Fort, Tullykenny, Co. Monaghan
Co. Monaghan |
Ringforts
Some places are notable for what survives.
This one is notable for what no longer does. On the east-facing slope of a ridge running roughly north-east to south-west in Tullykenny, County Monaghan, there was once an earthwork fort, the kind of raised, roughly circular enclosure found in their hundreds across the Irish countryside. By the year 2000 it had been removed entirely, leaving no visible trace in the field.

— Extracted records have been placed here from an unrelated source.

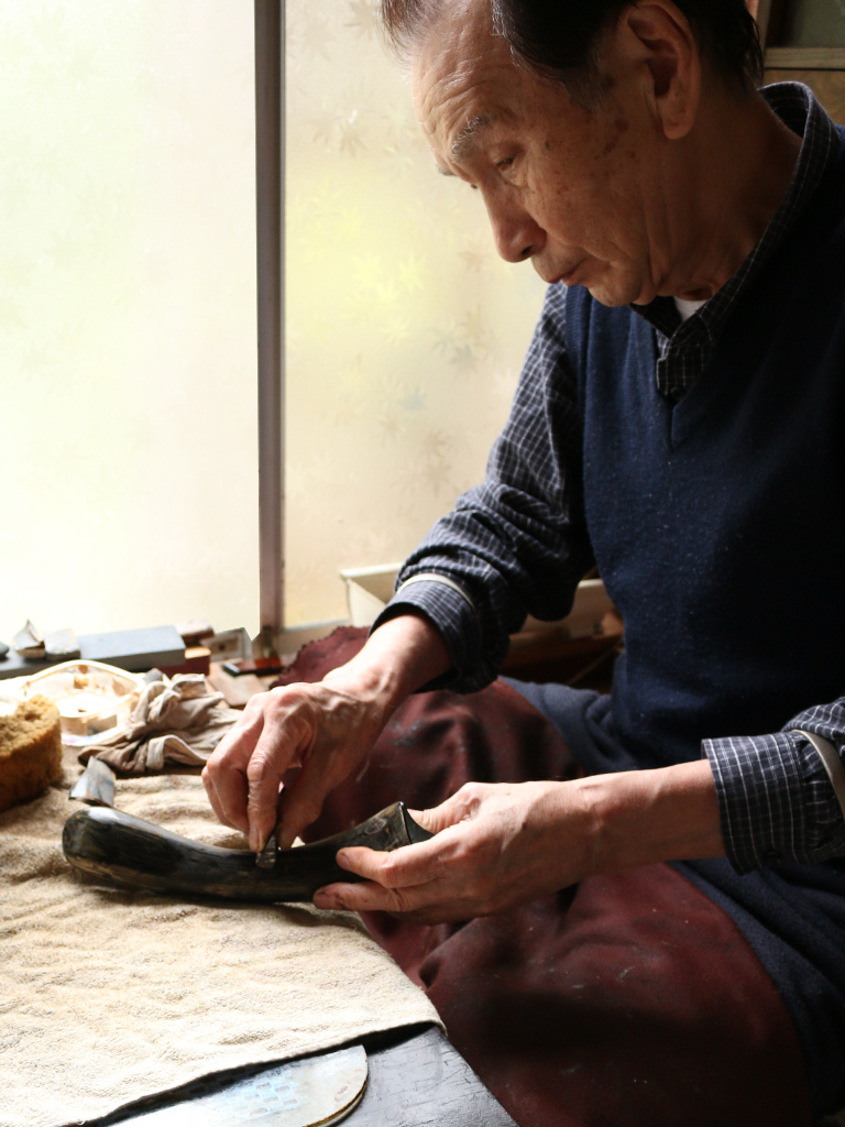 In Wajima, the processes of ‘undercoating’, ‘overcoating’, ‘roiro (black lacquer)’ and ‘Maki-e (Gold and silver lacquer)’ are carried out by skilled craftsmen. Many craftsmen have workshops in their own homes. It is said to be rare to find an entire town with such a high concentration of skilled artisans, leading to the saying: 'Ask anyone in Wajima, and you will find the answer'. These processes are organised by ‘Nushiya’, which is exactly what Mr.Okagaki is. They play the role of producers, taking care of everything from planning to production and sales of lacquerware. The division of labour in Wajima has been a traditional way of making lacquerware since the Edo period, ensures that the baton is passed seamlessly from one craftsman to another.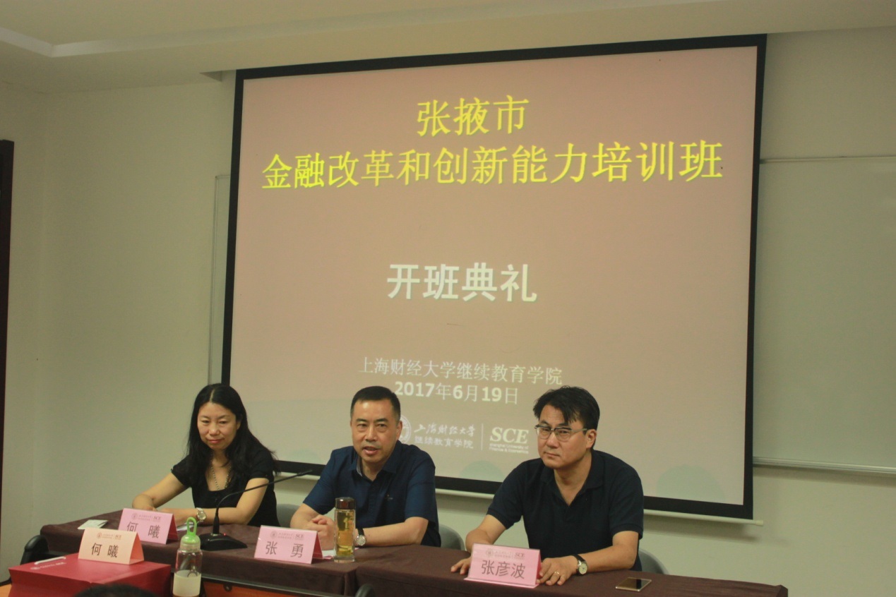 张掖市金融办何曦副主任讲述此次培训的目的是提升张掖市金融办、投融资平台、金融机构领导干部金融改革和创新能力素质,并要求学员做到正确对待、明确目的、严肃纪律对待此次培训,服从学院和跟班人员管理,保持课堂秩序,树立张掖市干部队伍的良好形象。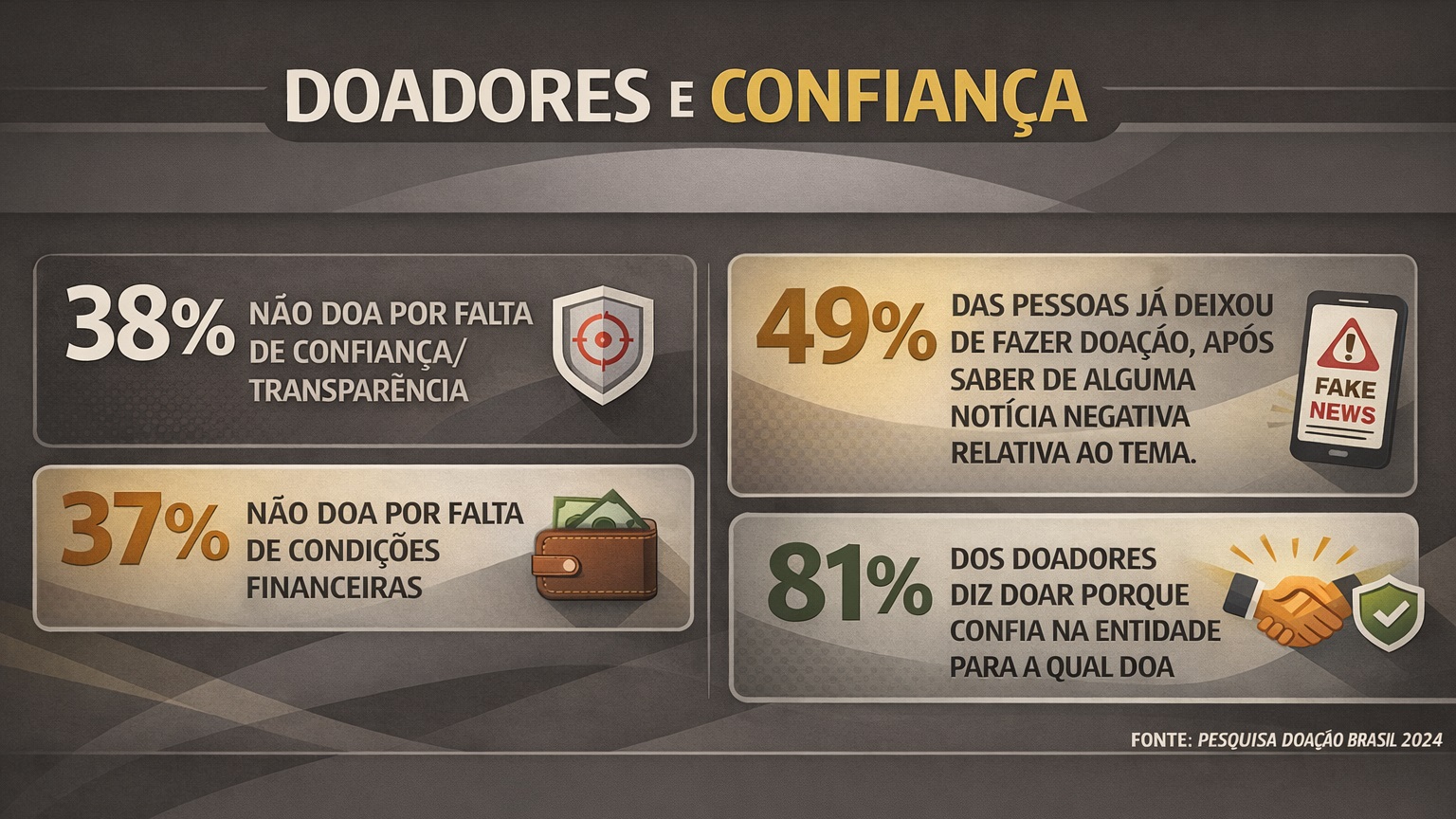 Outro dado central da pesquisa é a mudança no processo de decisão do brasileiro ao doar. O impulso emocional perdeu espaço para uma postura mais crítica e informada: 86% dos doadores afirmam escolher a causa com cuidado e 83% dizem buscar informações antes de contribuir, um avanço significativo em relação a edições anteriores do estudo do IDIS. A confiança passou a ser elemento-chave. Quase metade dos doadores (49%) já deixou de doar após notícias negativas sobre organizações ou campanhas.

When surveyors recorded it in 1967, the fort appeared as a subcircular mound about 30 metres across at its longest, rising two and a half to three metres above the surrounding field and covered in grass and scrub. A scarp, the steep earthen edge that defines the boundary of such an enclosure, ran around its northern arc, with a berm, a flat shelf of ground sitting on top of the scarp, extending from the south-west round to the north. No original entrance could be identified, which is not unusual for earthworks of this type; many ring-forts and related monuments lost their formal gaps through centuries of agricultural reshaping. There was also a grass-covered quarry hole in the eastern portion of the mound, suggesting the site had already been partially disturbed before anyone thought to measure it. The monument was formally recorded in the Archaeological Inventory of County Monaghan published in 1986, but sometime between that documentation and around 2000 the earthwork was levelled altogether, most likely through agricultural clearance.
What makes Tullykenny worth pausing over is precisely this arc from record to erasure. The 1967 description preserves, in careful metric detail, something that now exists only on paper: a mound with a berm, a scarp, an unidentified entrance, and a quarry hole slowly greening over. The landscape holds no sign of any of it.